§ EXERCISE BRIEF
Set every record down again exactly. Do not carry over the pictures.

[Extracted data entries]
== Segment start ==

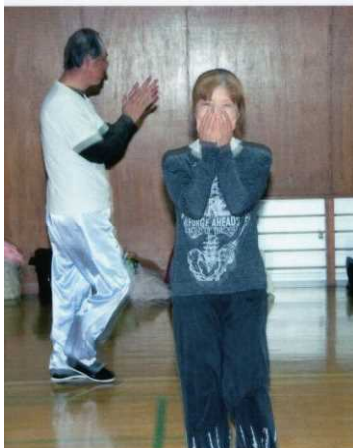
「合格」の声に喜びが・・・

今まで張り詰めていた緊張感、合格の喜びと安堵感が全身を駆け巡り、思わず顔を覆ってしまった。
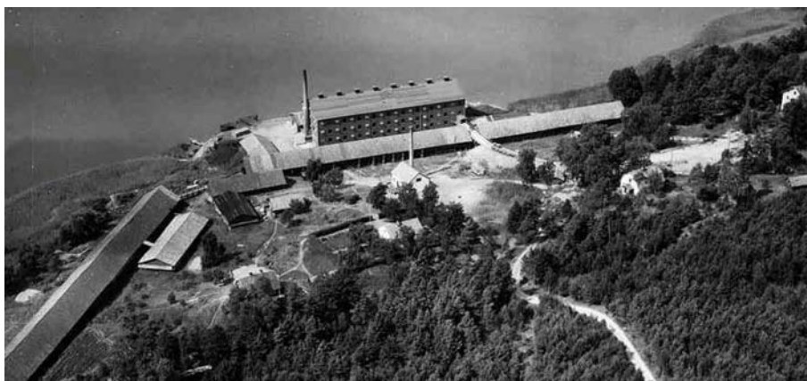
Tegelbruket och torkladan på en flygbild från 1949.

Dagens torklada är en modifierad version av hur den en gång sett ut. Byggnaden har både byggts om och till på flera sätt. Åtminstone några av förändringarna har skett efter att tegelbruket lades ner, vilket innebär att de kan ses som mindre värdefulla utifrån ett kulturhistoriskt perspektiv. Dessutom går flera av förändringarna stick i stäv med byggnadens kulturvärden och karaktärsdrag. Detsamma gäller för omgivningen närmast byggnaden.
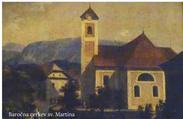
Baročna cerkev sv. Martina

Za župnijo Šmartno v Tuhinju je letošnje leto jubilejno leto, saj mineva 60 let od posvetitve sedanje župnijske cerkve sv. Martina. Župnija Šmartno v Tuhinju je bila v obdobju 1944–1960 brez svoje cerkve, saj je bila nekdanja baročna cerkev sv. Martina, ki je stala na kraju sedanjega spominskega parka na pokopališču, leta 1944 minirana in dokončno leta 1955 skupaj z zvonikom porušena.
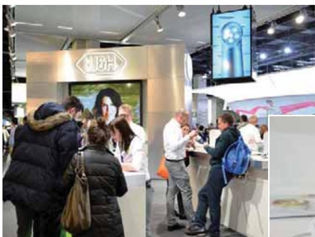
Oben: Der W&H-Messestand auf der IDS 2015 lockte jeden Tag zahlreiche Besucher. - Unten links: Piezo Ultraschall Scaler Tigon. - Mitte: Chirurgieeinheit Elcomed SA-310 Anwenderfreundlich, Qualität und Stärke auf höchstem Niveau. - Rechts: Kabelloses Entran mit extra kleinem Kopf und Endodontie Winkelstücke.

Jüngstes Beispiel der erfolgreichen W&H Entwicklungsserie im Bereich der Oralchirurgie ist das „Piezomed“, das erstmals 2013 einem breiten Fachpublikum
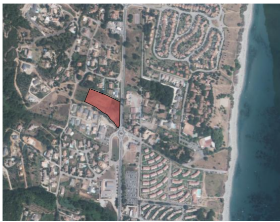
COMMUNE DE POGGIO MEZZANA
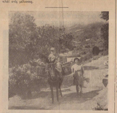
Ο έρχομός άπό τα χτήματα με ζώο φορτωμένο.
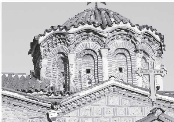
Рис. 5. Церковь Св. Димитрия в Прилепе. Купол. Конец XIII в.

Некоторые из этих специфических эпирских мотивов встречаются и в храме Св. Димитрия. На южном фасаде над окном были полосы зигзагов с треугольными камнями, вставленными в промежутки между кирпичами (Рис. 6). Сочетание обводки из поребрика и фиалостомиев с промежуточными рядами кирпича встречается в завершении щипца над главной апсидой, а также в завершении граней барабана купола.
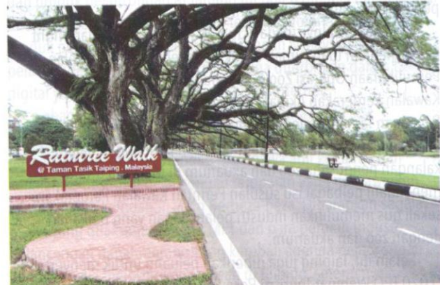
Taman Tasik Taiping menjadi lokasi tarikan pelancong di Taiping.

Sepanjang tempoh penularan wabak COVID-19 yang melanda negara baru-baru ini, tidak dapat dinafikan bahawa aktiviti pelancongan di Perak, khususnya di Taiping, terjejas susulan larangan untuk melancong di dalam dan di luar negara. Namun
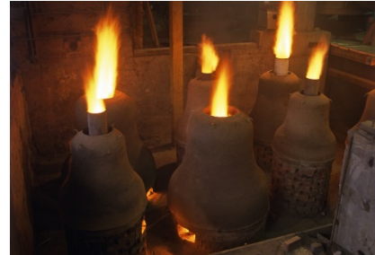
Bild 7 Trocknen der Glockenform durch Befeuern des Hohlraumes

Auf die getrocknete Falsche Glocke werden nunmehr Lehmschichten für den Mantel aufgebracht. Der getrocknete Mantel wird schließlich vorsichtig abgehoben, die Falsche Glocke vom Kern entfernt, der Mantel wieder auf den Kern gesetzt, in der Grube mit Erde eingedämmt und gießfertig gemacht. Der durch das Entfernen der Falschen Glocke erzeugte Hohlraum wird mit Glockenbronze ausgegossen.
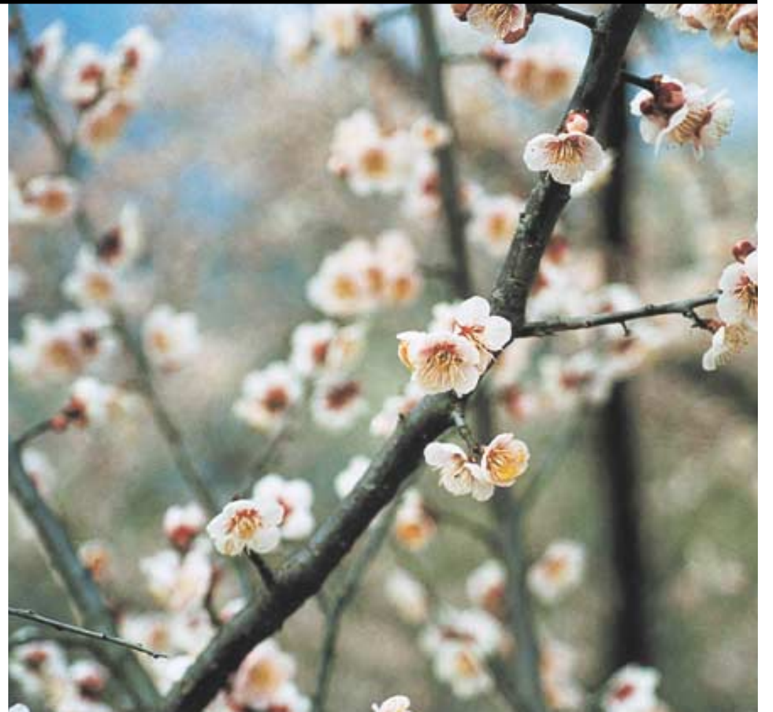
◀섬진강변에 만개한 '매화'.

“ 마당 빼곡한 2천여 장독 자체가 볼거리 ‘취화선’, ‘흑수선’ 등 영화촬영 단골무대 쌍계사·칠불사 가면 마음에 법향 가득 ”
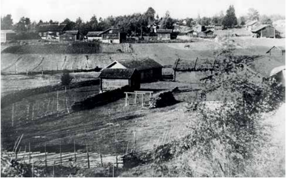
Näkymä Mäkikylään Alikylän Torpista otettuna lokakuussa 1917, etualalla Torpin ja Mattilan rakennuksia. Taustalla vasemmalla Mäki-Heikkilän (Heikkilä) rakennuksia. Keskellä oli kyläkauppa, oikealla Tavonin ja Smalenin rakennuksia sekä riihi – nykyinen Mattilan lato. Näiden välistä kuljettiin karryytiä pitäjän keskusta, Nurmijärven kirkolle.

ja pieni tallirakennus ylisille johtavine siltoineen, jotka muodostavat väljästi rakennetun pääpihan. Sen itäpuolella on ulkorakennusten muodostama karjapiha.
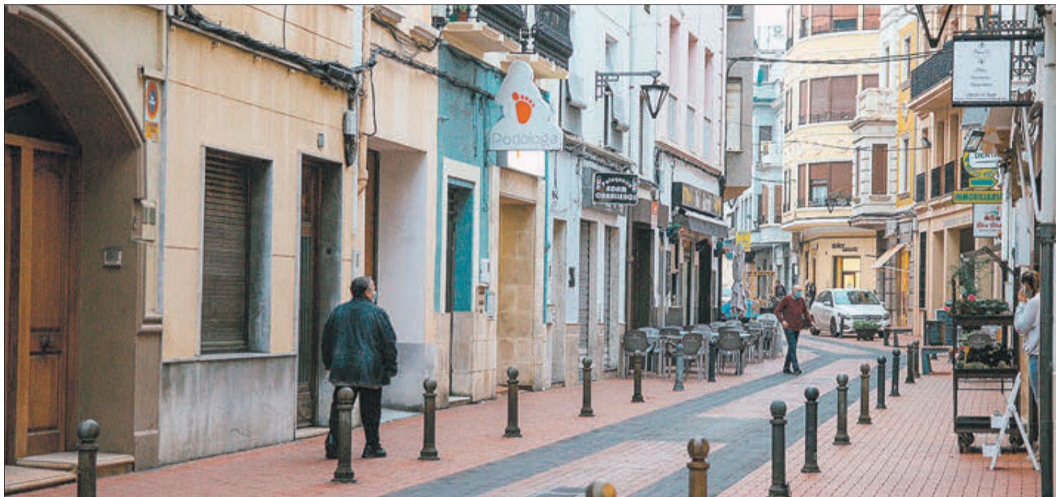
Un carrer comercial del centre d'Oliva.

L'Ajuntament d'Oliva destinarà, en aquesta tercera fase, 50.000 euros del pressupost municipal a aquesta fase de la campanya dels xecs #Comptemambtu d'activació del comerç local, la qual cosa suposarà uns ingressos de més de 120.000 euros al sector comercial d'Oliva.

== Segment end ==

§ EXERCISE OUTPUT
「合格」の声に喜びが・・・

今まで張り詰めていた緊張感、合格の喜びと安堵感が全身を駆け巡り、思わず顔を覆ってしまった。
Tegelbruket och torkladan på en flygbild från 1949.

Dagens torklada är en modifierad version av hur den en gång sett ut. Byggnaden har både byggts om och till på flera sätt. Åtminstone några av förändringarna har skett efter att tegelbruket lades ner, vilket innebär att de kan ses som mindre värdefulla utifrån ett kulturhistoriskt perspektiv. Dessutom går flera av förändringarna stick i stäv med byggnadens kulturvärden och karaktärsdrag. Detsamma gäller för omgivningen närmast byggnaden.
Baročna cerkev sv. Martina

Za župnijo Šmartno v Tuhinju je letošnje leto jubilejno leto, saj mineva 60 let od posvetitve sedanje župnijske cerkve sv. Martina. Župnija Šmartno v Tuhinju je bila v obdobju 1944–1960 brez svoje cerkve, saj je bila nekdanja baročna cerkev sv. Martina, ki je stala na kraju sedanjega spominskega parka na pokopališču, leta 1944 minirana in dokončno leta 1955 skupaj z zvonikom porušena.
Oben: Der W&H-Messestand auf der IDS 2015 lockte jeden Tag zahlreiche Besucher. - Unten links: Piezo Ultraschall Scaler Tigon. - Mitte: Chirurgieeinheit Elcomed SA-310 Anwenderfreundlich, Qualität und Stärke auf höchstem Niveau. - Rechts: Kabelloses Entran mit extra kleinem Kopf und Endodontie Winkelstücke.

Jüngstes Beispiel der erfolgreichen W&H Entwicklungsserie im Bereich der Oralchirurgie ist das „Piezomed“, das erstmals 2013 einem breiten Fachpublikum
COMMUNE DE POGGIO MEZZANA
Ο έρχομός άπό τα χτήματα με ζώο φορτωμένο.
Рис. 5. Церковь Св. Димитрия в Прилепе. Купол. Конец XIII в.

Некоторые из этих специфических эпирских мотивов встречаются и в храме Св. Димитрия. На южном фасаде над окном были полосы зигзагов с треугольными камнями, вставленными в промежутки между кирпичами (Рис. 6). Сочетание обводки из поребрика и фиалостомиев с промежуточными рядами кирпича встречается в завершении щипца над главной апсидой, а также в завершении граней барабана купола.
Taman Tasik Taiping menjadi lokasi tarikan pelancong di Taiping.

Sepanjang tempoh penularan wabak COVID-19 yang melanda negara baru-baru ini, tidak dapat dinafikan bahawa aktiviti pelancongan di Perak, khususnya di Taiping, terjejas susulan larangan untuk melancong di dalam dan di luar negara. Namun
Bild 7 Trocknen der Glockenform durch Befeuern des Hohlraumes

Auf die getrocknete Falsche Glocke werden nunmehr Lehmschichten für den Mantel aufgebracht. Der getrocknete Mantel wird schließlich vorsichtig abgehoben, die Falsche Glocke vom Kern entfernt, der Mantel wieder auf den Kern gesetzt, in der Grube mit Erde eingedämmt und gießfertig gemacht. Der durch das Entfernen der Falschen Glocke erzeugte Hohlraum wird mit Glockenbronze ausgegossen.
◀섬진강변에 만개한 '매화'.

“ 마당 빼곡한 2천여 장독 자체가 볼거리 ‘취화선’, ‘흑수선’ 등 영화촬영 단골무대 쌍계사·칠불사 가면 마음에 법향 가득 ”
Näkymä Mäkikylään Alikylän Torpista otettuna lokakuussa 1917, etualalla Torpin ja Mattilan rakennuksia. Taustalla vasemmalla Mäki-Heikkilän (Heikkilä) rakennuksia. Keskellä oli kyläkauppa, oikealla Tavonin ja Smalenin rakennuksia sekä riihi – nykyinen Mattilan lato. Näiden välistä kuljettiin karryytiä pitäjän keskusta, Nurmijärven kirkolle.

ja pieni tallirakennus ylisille johtavine siltoineen, jotka muodostavat väljästi rakennetun pääpihan. Sen itäpuolella on ulkorakennusten muodostama karjapiha.
Un carrer comercial del centre d'Oliva.

L'Ajuntament d'Oliva destinarà, en aquesta tercera fase, 50.000 euros del pressupost municipal a aquesta fase de la campanya dels xecs #Comptemambtu d'activació del comerç local, la qual cosa suposarà uns ingressos de més de 120.000 euros al sector comercial d'Oliva.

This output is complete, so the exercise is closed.